I wrote an enum_iterator that does this, together with a ENUM macro using Boost.Preprocessor:

#include <iostream>  #include "enum.hpp"    ENUM(FooEnum,     (N)    (A = 1)    (B = 2)    (C = 4)    (D = 8));    int main() {    litb::enum_iterator< FooEnum, litb::SparseRange<FooEnum> > i = N, end;    while(i != end) {      std::cout << i.to_string() << ": " << *i << std::endl;      ++i;    }  }  

It declares the enum as plain old enum, so you may still use it for "normal" purposes. The iterator can be used for other normal enums too that have sequential values, that's why it has a second template parameter which defaults to litb::ConsequtiveRange<>. It conforms to the bidirectional iterator requirements.

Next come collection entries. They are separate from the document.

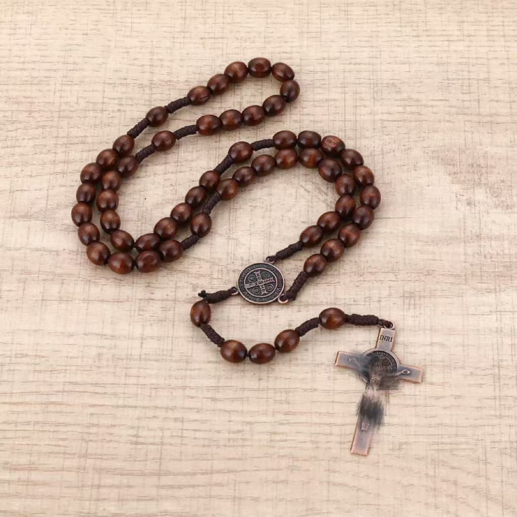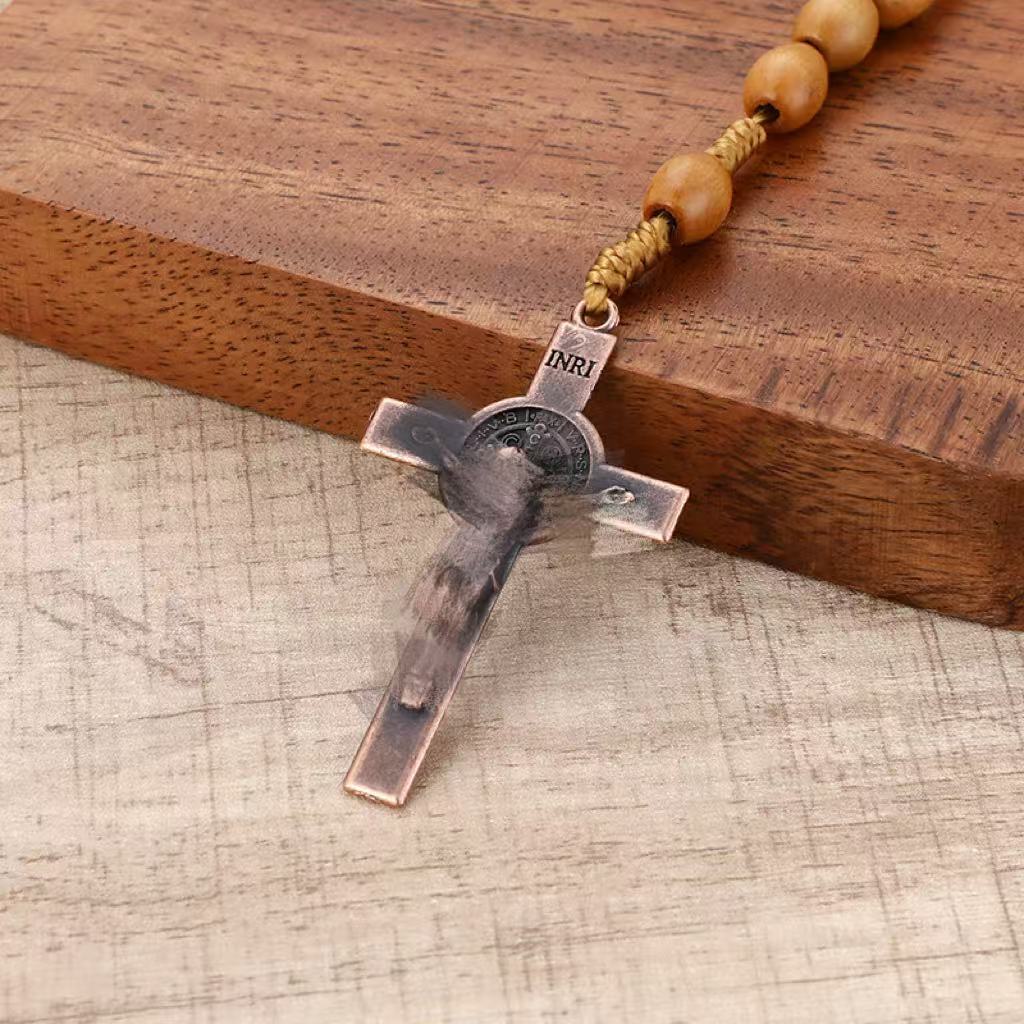 Etsy跨境热销天然木珠十字架祈福饰品纯手工编制批发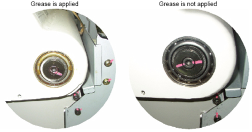 To grease the table rails, follow Steps 5 - 8 of the procedure in Grease Table Rails.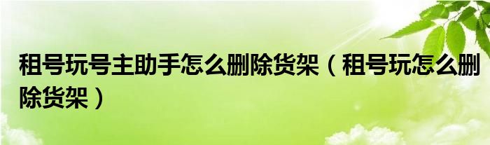 大家好,我是小科,我来为大家解答以上问题。租号玩号主助手怎么删除货架,租号玩怎么删除货架很多人还不知道,现在让我们一起来看看吧!

The silly code can be downloaded from here


This article shows you how to generate the string version of an enumerated value, although it requires that you write the code to do so yourself. It also provides a preprocessor macro to very easily permit incrementing and decrementing enumerated variables, as long as your enum is continuous.

This library provides more flexible incrementing and decrementing.

The enum_rev4.6.zip library in the Boost Vault provides easy string conversions. It looks like it supports incrementing and decrementing using iterators (which is probably less convenient, but it works). It's basically undocumented, although the libs/test directory contains some good example code.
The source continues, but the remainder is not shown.